A Study to Evaluate the Impact of Stopping Treatment for the Prevention of Pneumonia in HIV-Positive Patients Receiving Anti-HIV Drugs Who Have Increased CD4 Cell Counts

2014-08-27 03:59:54 | BioPortfolio


The purpose of this study is to see how often Pneumocystis carinii pneumonia (PCP) occurs in HIV-positive patients who have stopped taking medications that help prevent PCP.

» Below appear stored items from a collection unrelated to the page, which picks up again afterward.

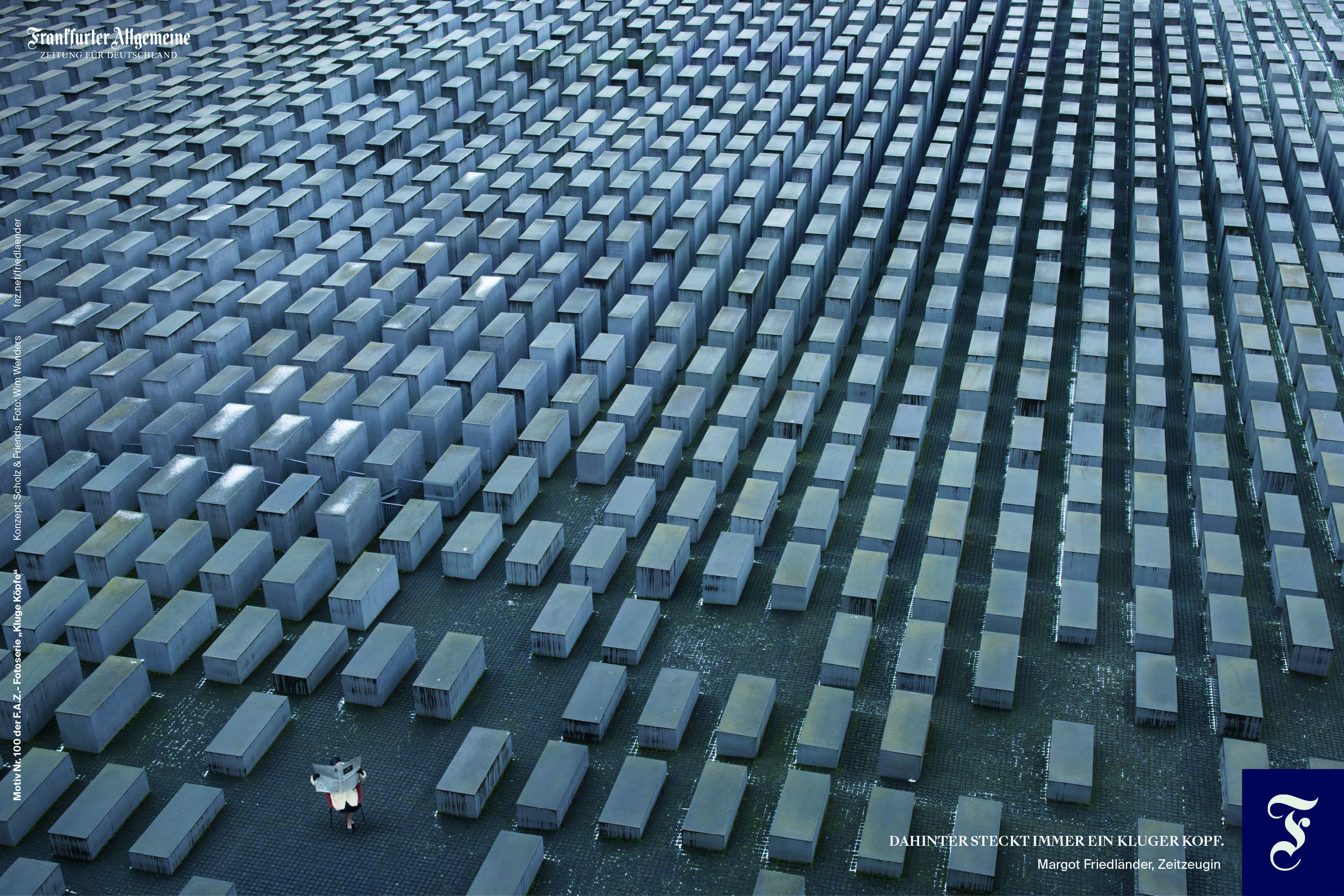 Frankfurt, 26. Januar 2024 – Umgeben von mehr als 2700 Betonstelen, die an die ermordeten Jüdinnen und Juden in Europa erinnern, sitzt eine Frau, die den Holocaust überlebt hat: Margot Friedländer. Mit der Zeitung in den Händen und der Geschichte vor Augen ist die 102-Jährige die Protagonistin des 100. Motivs der preisgekrönten F.A.Z.-Kampagne „Dahinter steckt immer ein kluger Kopf“. Für sie selbst ist das Denkmal für die ermordeten Juden Europas in Berlin der richtige Ort, um die Relevanz der Geschichte für die Gegenwart zu verdeutlichen: „Es soll zeigen: Seht, das waren Menschen genau wie ihr, die es damals nicht geschafft haben“, sagt Friedländer.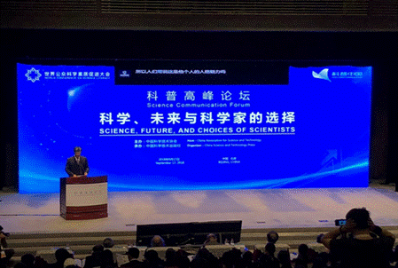 世界公众科学素质促进大会——中国科技峰会于9月17日在北京国际会议中心召开,beat365中文唯一官网2018级研究生集体参加科普高峰论坛。论坛以“科学、未来与科学家的选择”为主题,出席本次论坛的嘉宾有诺贝尔奖获得者Eric Maskin、Duncan Haldane 、中村修二、James Fraser Stoddart和克隆羊多利之父IanWilmut 及中国科学院院士褚君浩先生和周忠和先生,怀进鹏院士担任主持人。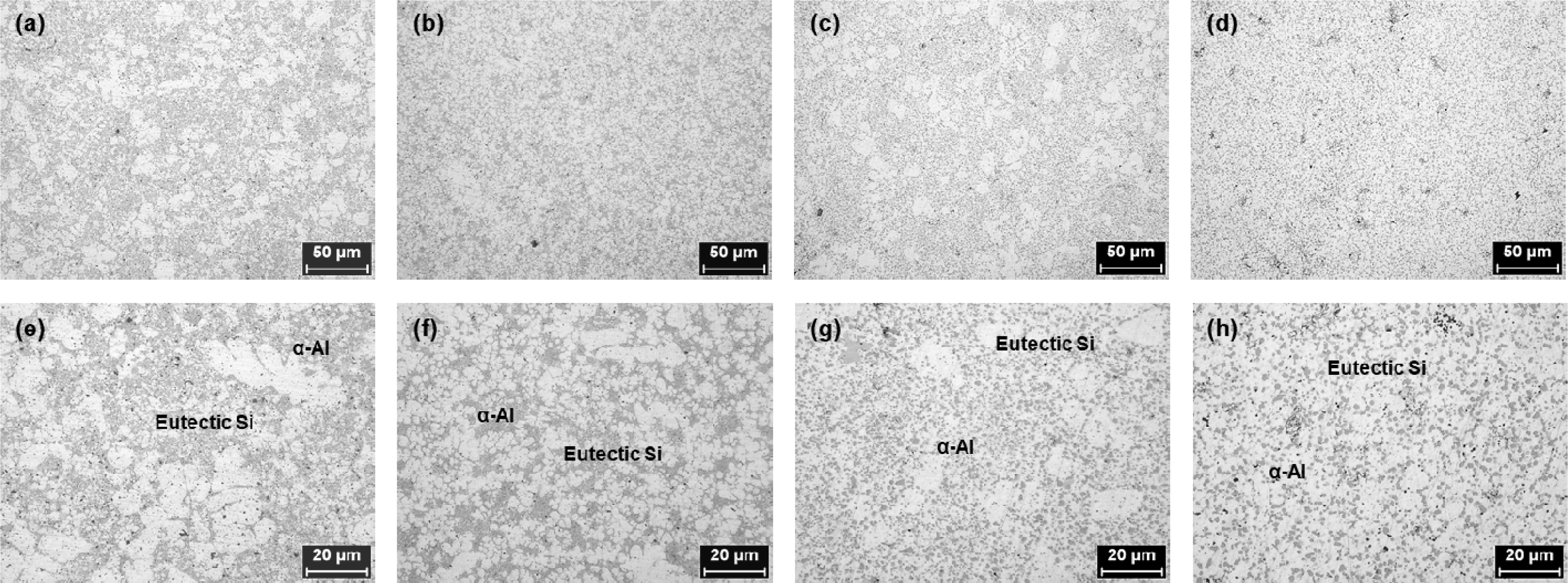 c, e, g)๋ ๋น๊ต ์ ฮฑ-Al๊ฐ ๋ถ๊ท ์ผํ ํํ๋ก ๋ถํฌ๋์๋ ํํ์ ์กฐ์ง์ด ๊ด์ฐฐ๋์์ผ๋, ์ด์ฒ๋ฆฌ๋ฅผ ์ํํ ์ํธ(b, d, f, h)๋ ๊ท ์ผํ ํํ์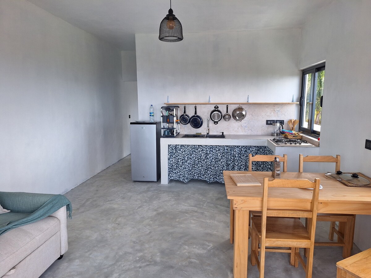 Estamos a 50 metros de la playa más hermosa de Rodrigues, la playa de Saint Francois, y a 30 minutos de Trou D'argent a pie. El estudio está a 300 metros de la terminal de autobuses y tiene un aparcamiento para su coche. Sobrio, limpio, el estudio cuenta con 1 cama doble, un baño con ducha, una pequeña cocina exterior e interior (nevera, horno, microondas, hervidor de agua, etc.) y una terraza con vistas al mar. La habitación también está equipada con un ventilador.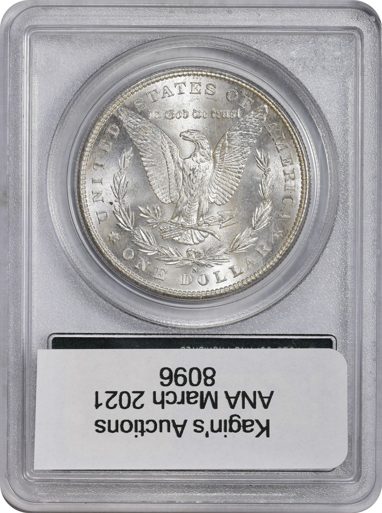 Description: This bright and satiny near-Gem offers bold cartwheels and a sharp strike. Housed in an old-style green label PCGS holder with plastic frame.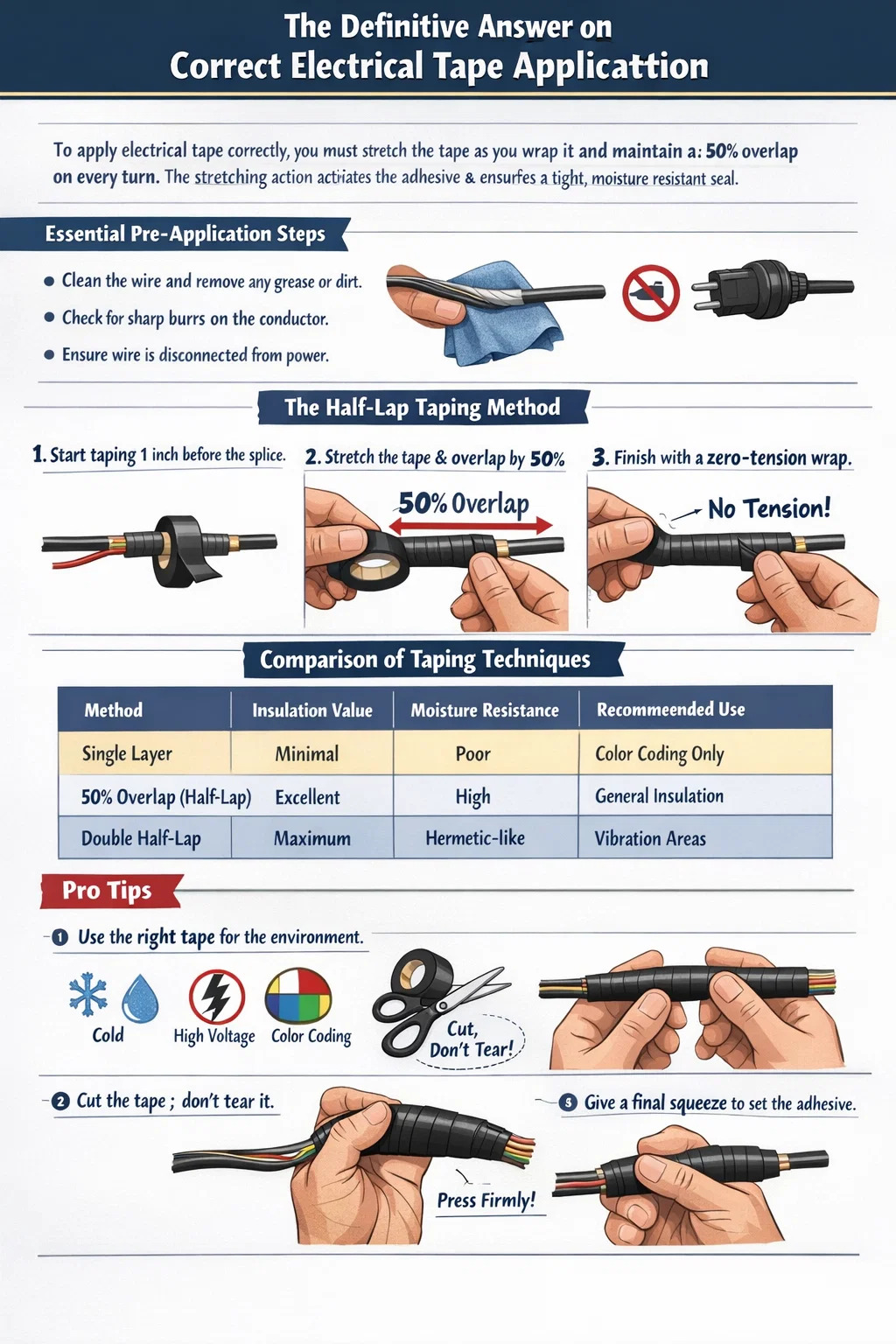 テーピングのゴールドスタンダードは「半周」です。これは、テープの後続の各ターンが前のターンのちょうど半分をカバーすることを意味します。これは単なる提案ではありません。これは電気的完全性のための構造上の要件です。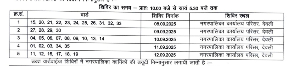 शिविर प्रभारी सहायक अभियंता सुमित कुमार ने बताया कि नगर पालिका देवली द्वारा मुख्य शिविरों के आयोजन से पूर्व तैयारी शिविर का आयोजन 8 से 12 सितम्बर की अवधि में वार्ड वाईज किया जाएगा। जिसमें आमजन की समस्याओं को चिन्हित करने एवं आवेदन प्राप्त किए जाएंगे। उक्त शिविर का समय सुबह 10 बजे से शाम 5.30 बजे तक है।

The risk of developing PCP may be decreased when an HIV-positive patient's CD4 cell counts (cells of the immune system which fight infection) are more than 200 cells/mm3. This study looks at whether it is acceptable to stop PCP prevention treatment in these patients.


The risk of developing PCP may be decreased with treatment-induced recovery of CD4 counts to > 200 cells/mm3. Few data exist to confirm or negate the continued necessity of PCP prophylaxis for such patients. This study will assess the effects of discontinuing therapy.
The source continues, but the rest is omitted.